From LMS to Learning Ecosystems

EdWeek’s Ian Quillen reviewed a Don McIntosh report on the learning management systems (LMS) market.  “It’s getting to be such a huge list that it’s beginning to lose its usefulness,” laments McIntosh.  Ian notes that many observers believe the sector is “becoming one in which new entrants have real opportunities to leap ahead of established players.”
In fact, the market is even more dynamic than the McIntosh report suggests because the scope is limited to the roles fulfilled by traditional LMS but the market has changed dramatically in the last three years–consider adaptive content, social learning, comprehensive profiles, smart engines, lots of open content, and an explosion of mobile apps.
“If you look at all those needs and increased customization that comes with it, that is more than what has been in the traditional LMS,” says Matthew Wicks, the chief operating officer for the Vienna, Va.-based International Association for K-12 Online Learning, or iNACOL, and a former online learning consultant. “I haven’t seen any one vendor emerge as far as putting all of those pieces together.”
The sector is in the early stages of transitioning from LMS to learning platform ecosystems. As noted in the 10 Elements of the Post Textbook World content libraries will exist within ecosystems will include these elements:

  1. Standards-aligned libraries of open and proprietary content with search and content management tools
  2. Social, collaborative, and productivity tools
  3. Assessment tools and achievement analytics
  4. Learner profiles and portfolios
  5. Recommendation engines smart enough to build custom playlists
  6. Assignment, matriculation, management, and motivational tools (e.g. achievement recognition systems, badges or other data visualization strategies)
  7. Aligned student services: tutoring, guidance, health, youth & family services
  8. Aligned teacher services: professional development, lesson & tool sharing
  9. Aligned school services: implementation support, new school development, and school improvement; and
  10. Aligned systems: enrollment, finance, personnel, and facilities.

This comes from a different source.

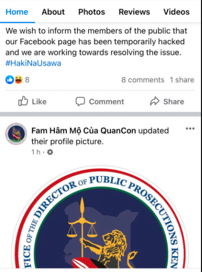 On Tuesday, November 24, 2021, the Office of the Director of Public Prosecution’s (ODPP) official Facebook account was hacked.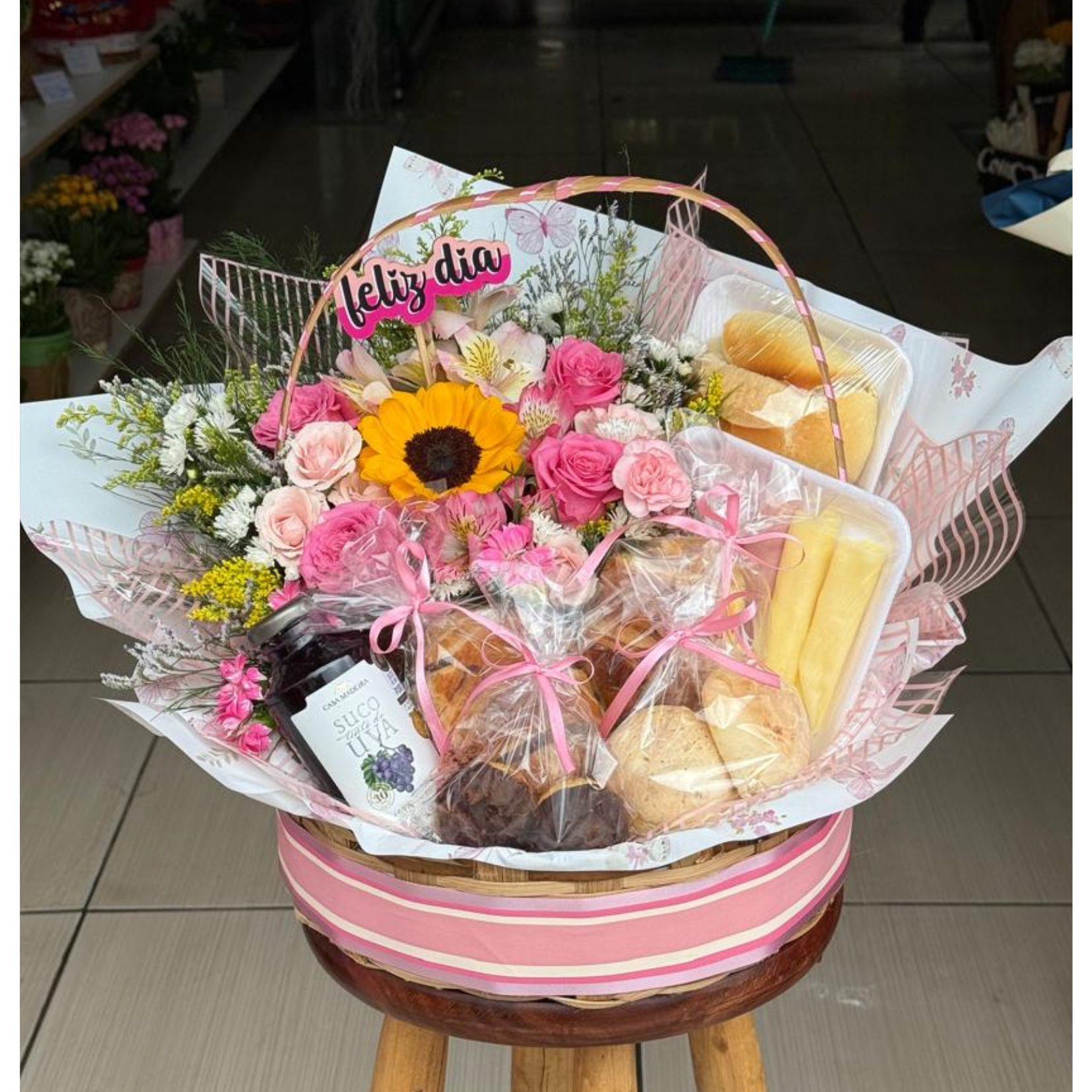 Cesta de café da manhã composta por arranjo de flores, suco de uva integral, pão francês, pão de queijo, croissant doce, croissant salgado, carolinas, frios

As a result, to the 171 education LMS that McIntosh mentioned you have to add social learning leader Edmodo as a contender for most likely to be a dominant ecosystem. In the ‘really smart about data’ add Junyo (both Learn Capital portfolio companies).  In the blended turnaround category, add Matchbook Learning.
A year ago I thought we’d see a couple big ecosystems develop. Maybe the  Shared Learning Collaborative will be one of them.  The good news is that the number of cool components is exploding.  The bad news is that it will be a year or two before they all work together seamlessly as a coherent ecosystem.
The RttT states have proposals out for instructional improvement systems (IIS) that ask for ecosystem-like capabilities.  The shift to online assessments that will take place in most states in 25 months will accelerate adoption of learning platforms.  Increased student access to web technology, flipped classrooms, and the eventual blending of most US schools before the end of the decade will mark the transition from LMS to learning ecosystems.

Tom Vander Ark

Tom Vander Ark is the CEO of Getting Smart. He has written or co-authored more than 50 books and papers including Getting Smart, Smart Cities, Smart Parents, Better Together, The Power of Place and Difference Making. He served as a public school superintendent and the first Executive Director of Education for the Bill & Melinda Gates Foundation.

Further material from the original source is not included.